In a preferred embodiment, the antimicrobial composition can be
made in the absence of required solvents, stabilizers, and buffers.
In another embodiment, the composition is substantially solvent
free. In yet another preferred embodiment, the composition has a
flash point greater than 93.degree. C. In yet another preferred
embodiment, the antimicrobial composition can be made in the
absence of solvents, stabilizers, and buffers.
[0018] In a preferred embodiment, the invention relates to an
antimicrobial composition including orthophthalaldehyde in an
amount from about 2-20% by weight of the composition and a
quaternary ammonium compound in an amount from about 2.5-40% by
weight of the composition. The quaternary ammonium compound is
didecyldimethylammonium bicarbonate, didecyldimethylammonium
carbonate, or didecyldimethylammonium bicarbonate/carbonate. The
ratio of aromatic dialdehyde to quaternary ammonium compound is
from about 1:1.25 to about 1:2. The composition is homogeneous and
single phase.
[0019] The invention also includes a method of treating a surface
by contacting a surface with an effective amount of an
antimicrobial composition including an aromatic dialdehyde and a
quaternary ammonium compound wherein the aromatic dialdehyde is
OPA, isophthalaldehyde, terephthalaldehyde, or combinations
thereof, the quaternary ammonium compound is
didecyldimethylammonium bicarbonate, didecyldimethylammonium
carbonate, or didecyldimethylammonium bicarbonate/carbonate, and
the ratio of aromatic dialdehyde to quaternary ammonium compound is
from about 1:1.2 to about 1:2.
[0020] In one embodiment, the method includes treating the surface
for a time sufficient to effect disinfection. The time sufficient
to effect disinfection can be at most about 1 minute, in another
embodiment at most about 5 minutes, and in yet another embodiment
at most about 10 minutes.
[0021] The disinfection may take place is the presence of soil,
hard water, serum, or combinations thereof.

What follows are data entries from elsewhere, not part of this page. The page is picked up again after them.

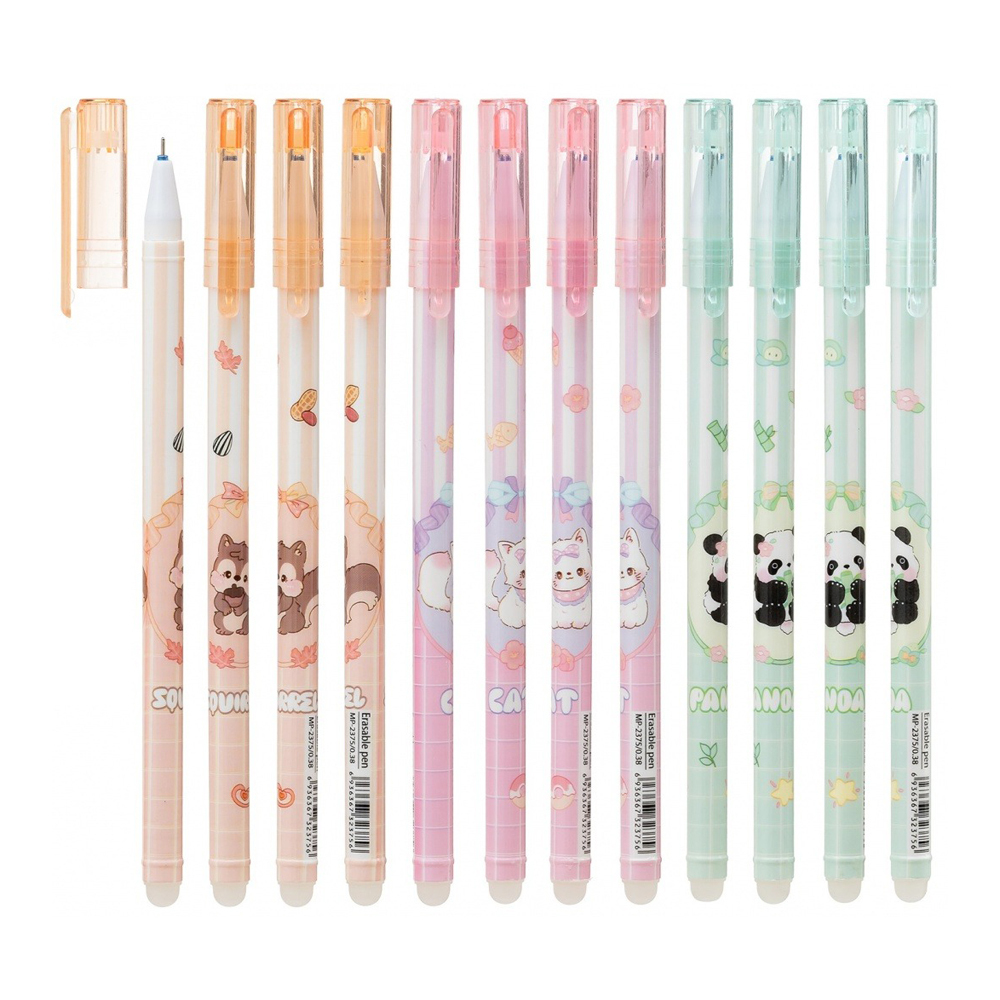 Ручка со стираемыми чернилами гелевая: "ЖИВОТНЫЕ"; цветной с рисунком корпус /ассорти/; толщина пишущего наконечника-0,38 mm; цвет чернил-синий; в пластиковой упаковке.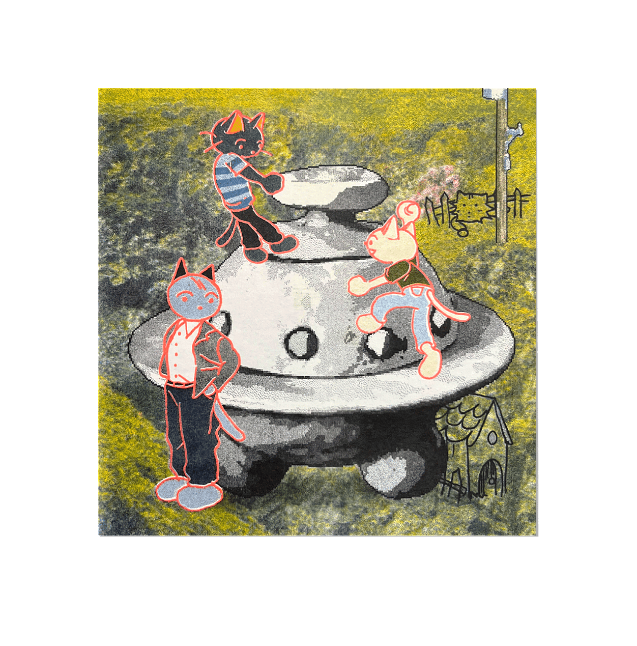 ꩜ cream paper with black, blue, yellow, and florescent orange riso ink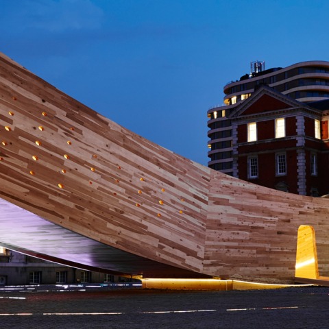 The Smile is one of the Festival’s Landmark Projects, which can be inhabited and explored by the public. The spectacular, curved, tubular timber structure measures 3.5m high, 4.5m wide and 34m long and is effectively a beam curving up at both ends. Showcasing the structural and spatial potential of cross-laminated American tulipwood, Alison Brooks' concept is the first ever ‘mega-tube’ made with construction-sized panels of hardwood CLT.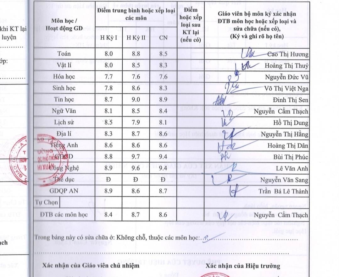 Học bạ của một học sinh xuất sắc. Em đã từ chối cánh cửa ĐH để đi Hàn Quốc. (Ảnh: Thầy D. cung cấp)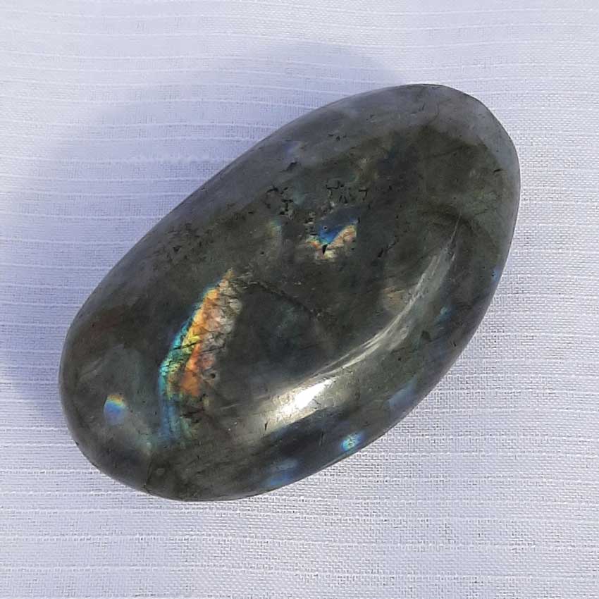 Mooie handsteen van Labrodoriet met kleine regenboog glinsteringen er in.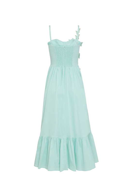 VESTIDO MÍDI FIVELA CETIM MEMORY LEAVES AZUL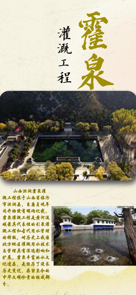 安徽七門堰調(diào)蓄灌溉系統(tǒng)、江蘇洪澤古灌區(qū)、山西霍泉灌溉工程、湖北崇陽(yáng)縣白霓古堰成功入選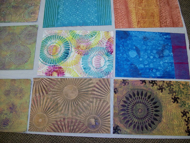 I need to take more photos, but as usual, I became entranced with what I was doing. I kept going until I absolutely could not do it anymore. Today I have to remind myself to SIT DOWN. My hands are not too bad, but my feet and back were letting me know it last night. We are doing a lot of stenciling and stamping and tearing papers, which means it seems more natural to stand slightly bent over a table. My spirit was willing to keep going; my body said NO.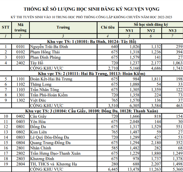 Năm nay, thành phố vẫn chia thành 12 khu vực tuyển sinh. Theo thống kê từ Sở GD&ĐT Hà Nội, có tổng cộng 130.000 thí sinh sẽ tham gia vào mùa thi vào lớp 10 năm nay.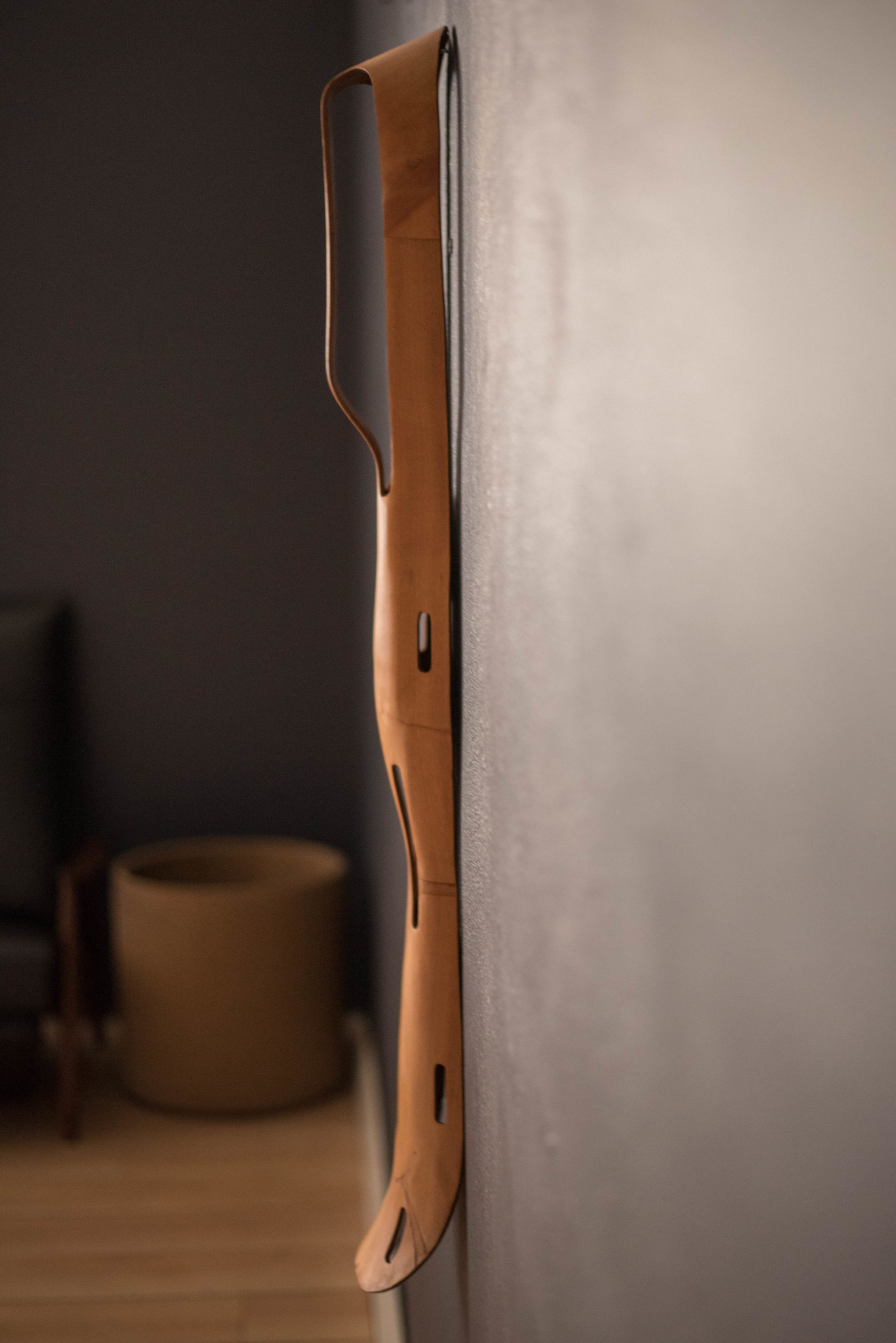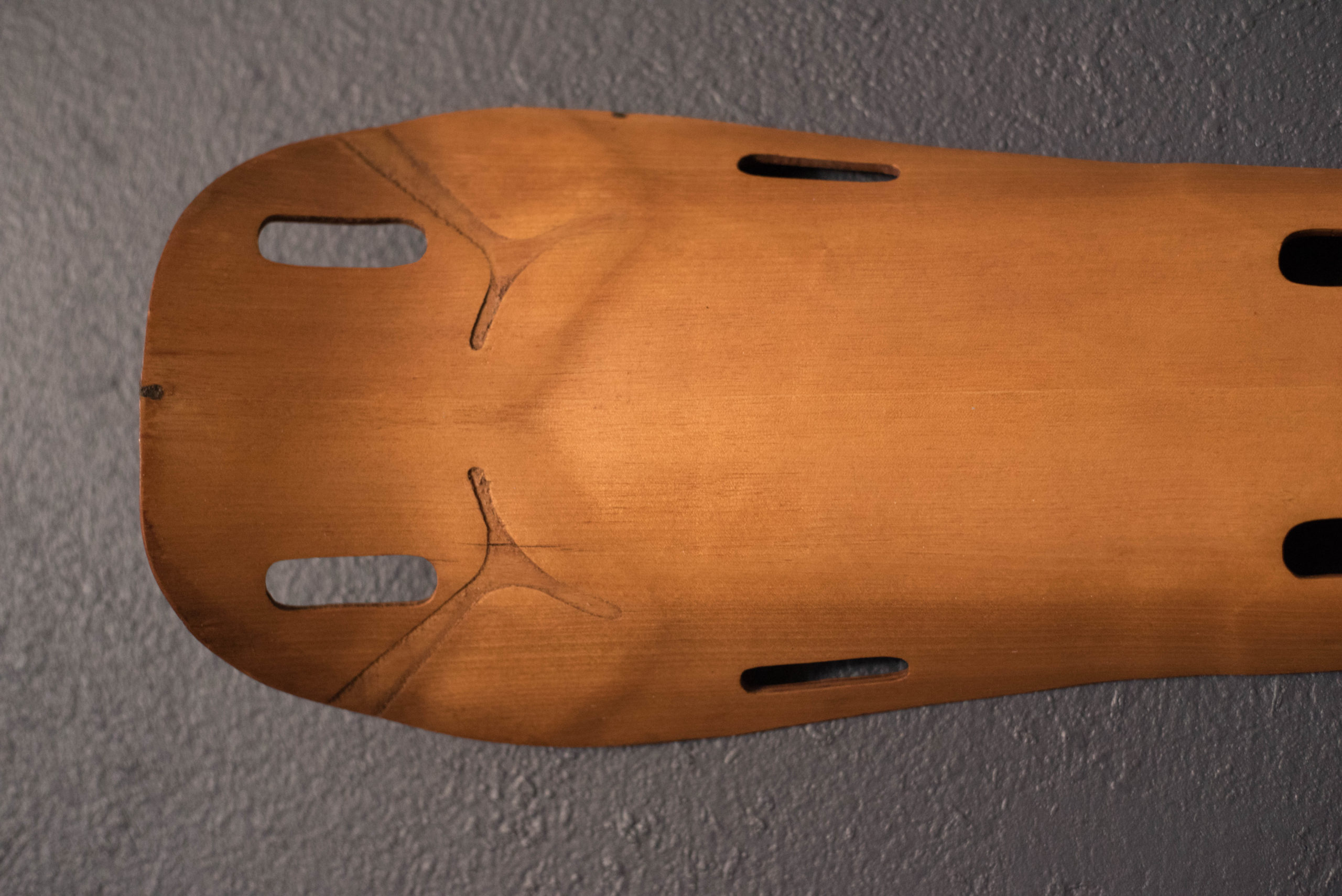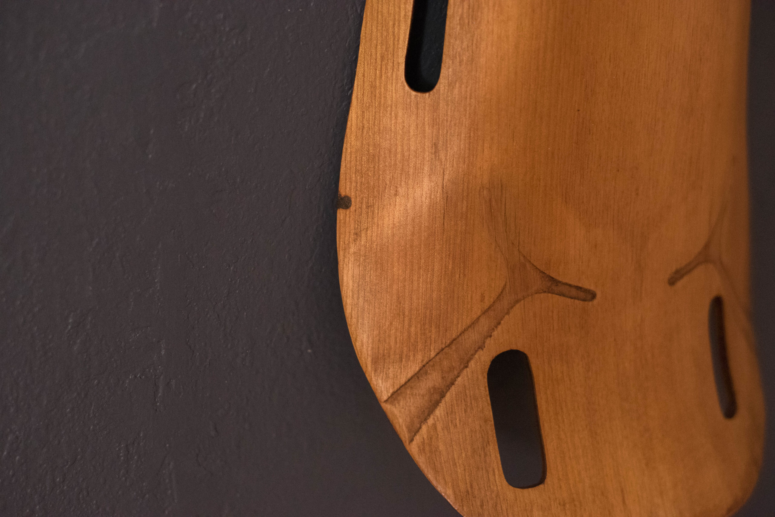 Mid century WWII leg splint created by Charles and Ray Eames for Evans Products Company, 1943. Specifically designed for the US Navy, this iconic piece of history is sculpturally crafted in one piece using molded plywood and birch material. Marked model no. S2-1790. Makes for an eye catching wall art sculpture that can be mounted vertically or horizontally.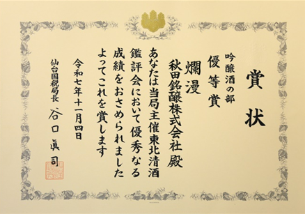 東北清酒鑑評会は、仙台国税局鑑定官室主催で1962年から毎年秋に開催されます。令和7年11月10日に審査の結果が公表され、美酒爛漫が「吟醸酒の部」で優等賞を受賞しました。

[0022] In another embodiment, the method includes treating the
surface for a time sufficient to effect sterilization. The time
sufficient to effect sterilization can be significantly reduced.
For example, the sterilization time is preferably 16 hours, more
preferably 8 hours, and most preferably 4 hours. Preferably,
corrosion on the surface is not increased by sterilization.
[0023] As a result of present invention, an antimicrobial
composition is provided which can be engineered to be used in
multiple roles, e.g., as a sterilant or a disinfectant, depending
upon the level of dilution of the composition. The antimicrobial
composition can function as a high level disinfectant or sterilant
that can be used on hard surfaces to rapidly kill pathogenic
organisms in the presence of soil, serum, and hard water. In
particular, kill times of Mycobacterium tuberculosis are
drastically reduced even in the presence of soil.
[0024] It has been discovered that the combination of the aromatic
dialdehydes and quats of the invention exhibit synergistic behavior
with regard to efficacy and speed of kill of microorganisms. For
example, the speed of kill of microorganisms by OPA is
significantly enhanced. Moreover, the composition of the invention
effectively kills Pseudomonas aeruginosa in as little as one minute
in the presence of 5% soil and 400 ppm hard water at concentrations
in which OPA alone would not be effective, e.g., 1000 ppm.
[0025] Another advantage of the present invention is that high
concentrations of didecyldimethylammonium bicarbonate/carbonate
(DDABC) can be used in the composition without the need for any
solvents, stabilizers, or buffers to increase OPA's solubility.
When DDABC is used as the quaternary compound in the composition,
the solubility of the aromatic dialdehydes greatly increases in
aqueous solution. Consequently, highly concentrated disinfectants
and sterilants can be formulated without the use of solvents which
can be toxic and contribute to Volatile organic compounds (VOCs)
entering the atmosphere, without pH adjustment for optimum
efficacy, and without additional stabilizers.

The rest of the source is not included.